A “right to argue” may not be enshrined in the U.S. Constitution, but it surely is dear to the hearts of Americans, as a new court case illustrates.

Unfortunately, a lender’s notice to a borrower that she had a “right to argue” about her mortgage default was not clear enough about her contract rights, leaving the lender on the hook in federal court.

The lender’s notice got a couple of things wrong, according to plaintiff Debra Wegner, who is suing a lender and a loan servicing company in Wegner v. Mfrs. & Traders Trust Co.

First, an acceleration notice – which Wegner said she never received – claimed she owed $10,610. By her reckoning, Wegner owed only $1,386. She said she readily could have brought the loan current, using her $10,000 retirement account or aid from her mother.

“Overstating the arrearage by such a wide measure” was enough to allege a breach of contract, said Richmond U.S. District Judge John A. Gibney.

The default notice told Wegner she had the “right to argue that you did keep the promises and agreements” under the note and deed of trust, the suit alleged.

“Unfortunately for the defendants, the deed of trust obligated M&T to notify the borrower that she could ‘bring court action,’ not just that she had the ‘right to argue,’” Gibney said.

“In our great country, married couples, baseball managers, philosophers, environmentalists, crackpots, talk show hosts, atheists, believers, retail customers, barbers, taxicab drivers, and – as relevant here – mortgage borrowers have a right to argue,” the judge wrote.

“But until things go really bad, most arguments do not result in lawsuits.
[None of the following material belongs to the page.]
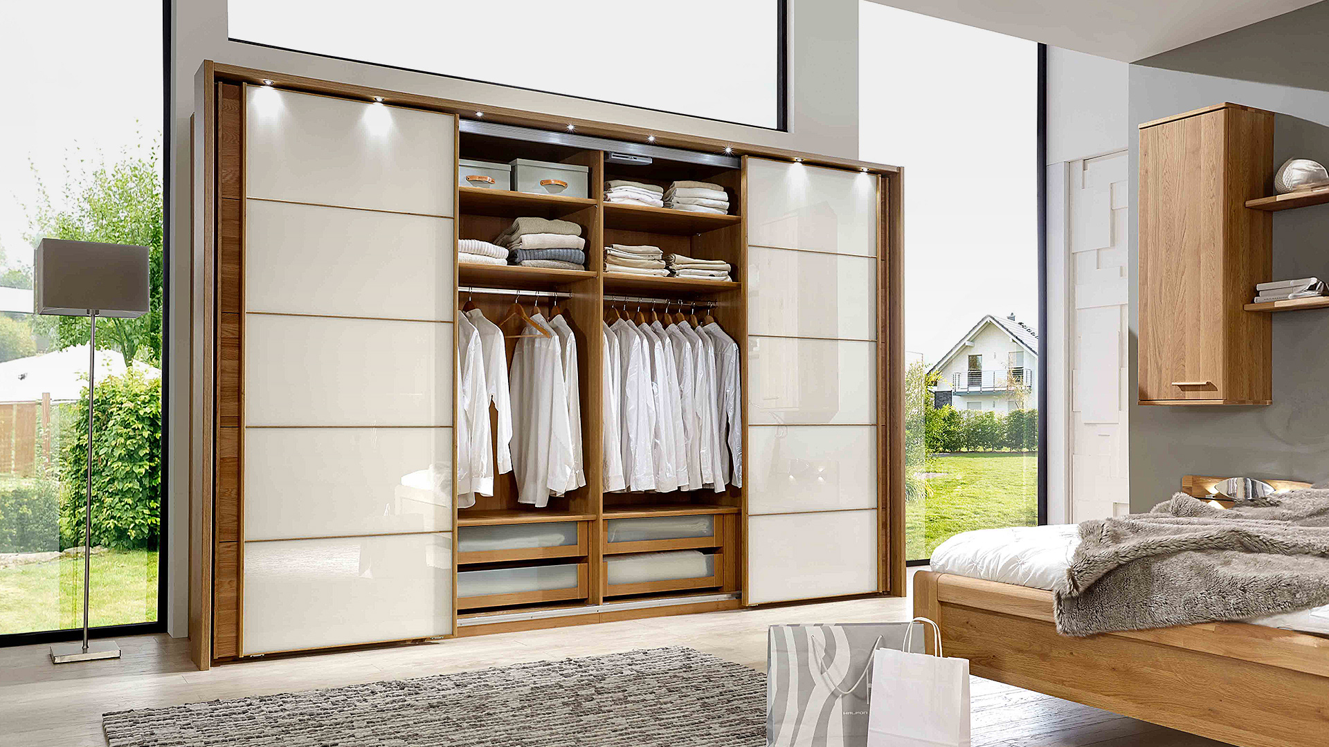 Die Drehtürenschränke, Funktionsschränke und Schwebetürenschränke sind in diversen Breiten mit Holztüren im Korpus-Farbton oder mit Auflagen aus farbigem Glas oder Spiegelglas lieferbar. Für eine optimale Raumnutzung bietet sich eine Erweiterung der Schränke als Ecklösung mit Eckschrank an.

A notice including the language ‘right to argue’ differs from a notice informing a borrower she may file a lawsuit to prevent acceleration and foreclosure,” the court concluded.

Gibney gave the greenlight to claims based on the alleged deficient notices, but dismissed Wegner’s claims for rescission and for damages.

He also said Wegner also stated a contract claim with her assertion that the defendants failed to try to conduct a face-to-face meeting prior to foreclosure.